_Available data_:
######

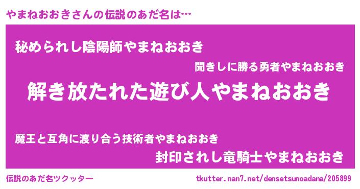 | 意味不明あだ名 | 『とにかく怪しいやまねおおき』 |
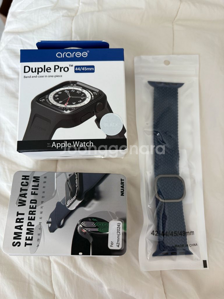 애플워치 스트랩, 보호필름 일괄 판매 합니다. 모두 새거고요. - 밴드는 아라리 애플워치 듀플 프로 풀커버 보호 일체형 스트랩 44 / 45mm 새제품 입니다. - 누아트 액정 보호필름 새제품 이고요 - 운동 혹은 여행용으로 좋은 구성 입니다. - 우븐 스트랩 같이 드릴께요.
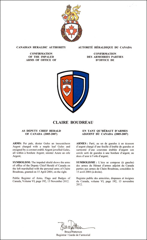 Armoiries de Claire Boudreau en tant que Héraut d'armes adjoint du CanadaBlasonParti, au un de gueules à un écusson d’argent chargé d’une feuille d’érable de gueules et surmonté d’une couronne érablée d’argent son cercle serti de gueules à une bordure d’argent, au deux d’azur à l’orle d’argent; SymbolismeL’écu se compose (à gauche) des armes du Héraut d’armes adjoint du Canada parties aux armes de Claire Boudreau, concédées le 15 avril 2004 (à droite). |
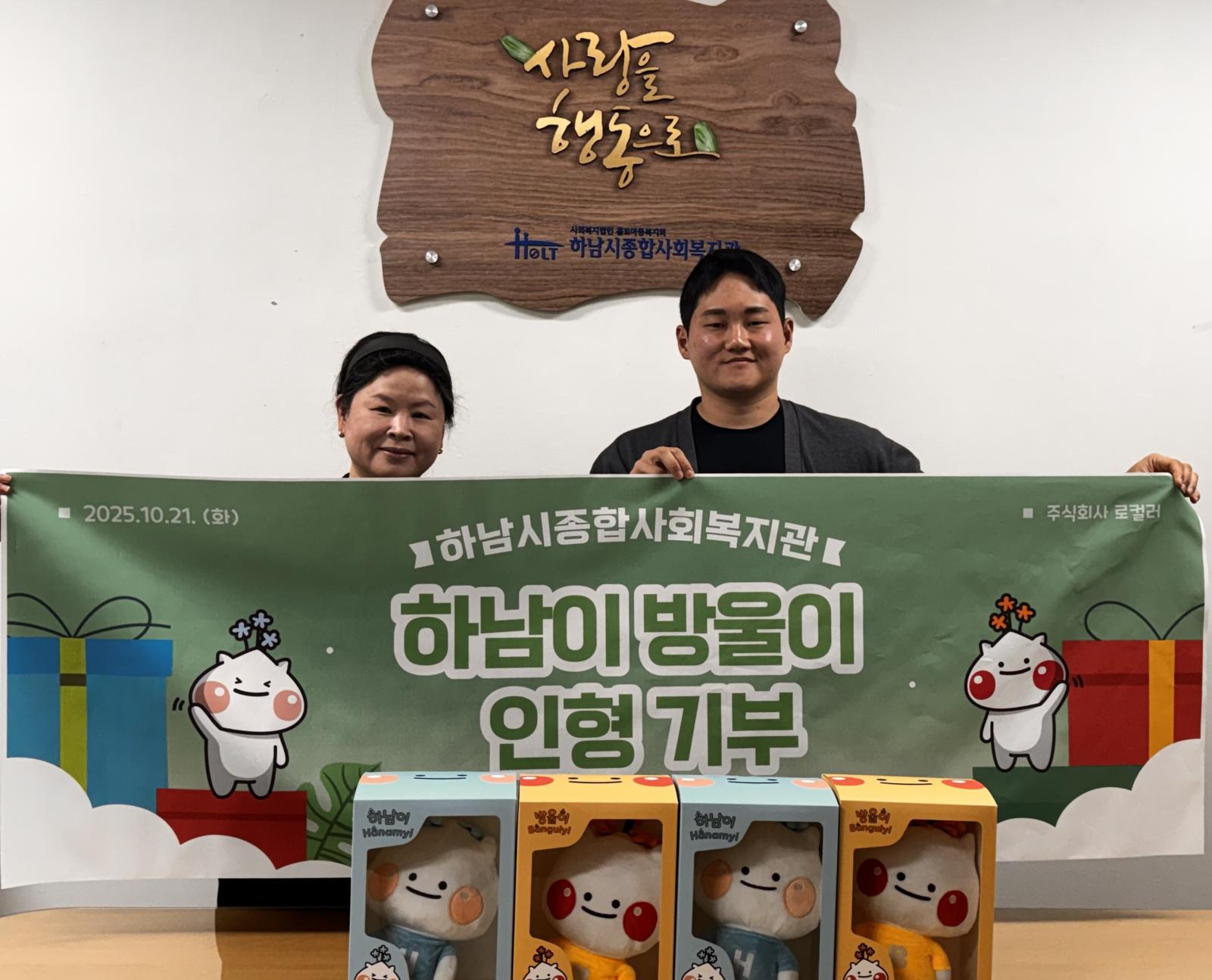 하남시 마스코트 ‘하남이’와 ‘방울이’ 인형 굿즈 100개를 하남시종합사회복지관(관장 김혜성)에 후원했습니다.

######

_Exercise requirements_: Return the full listing exactly as it appears above, without its pictures.

_Result of this exercise_:
 | 意味不明あだ名 | 『とにかく怪しいやまねおおき』 |
 애플워치 스트랩, 보호필름 일괄 판매 합니다. 모두 새거고요. - 밴드는 아라리 애플워치 듀플 프로 풀커버 보호 일체형 스트랩 44 / 45mm 새제품 입니다. - 누아트 액정 보호필름 새제품 이고요 - 운동 혹은 여행용으로 좋은 구성 입니다. - 우븐 스트랩 같이 드릴께요.
 Armoiries de Claire Boudreau en tant que Héraut d'armes adjoint du CanadaBlasonParti, au un de gueules à un écusson d’argent chargé d’une feuille d’érable de gueules et surmonté d’une couronne érablée d’argent son cercle serti de gueules à une bordure d’argent, au deux d’azur à l’orle d’argent; SymbolismeL’écu se compose (à gauche) des armes du Héraut d’armes adjoint du Canada parties aux armes de Claire Boudreau, concédées le 15 avril 2004 (à droite). |
 하남시 마스코트 ‘하남이’와 ‘방울이’ 인형 굿즈 100개를 하남시종합사회복지관(관장 김혜성)에 후원했습니다.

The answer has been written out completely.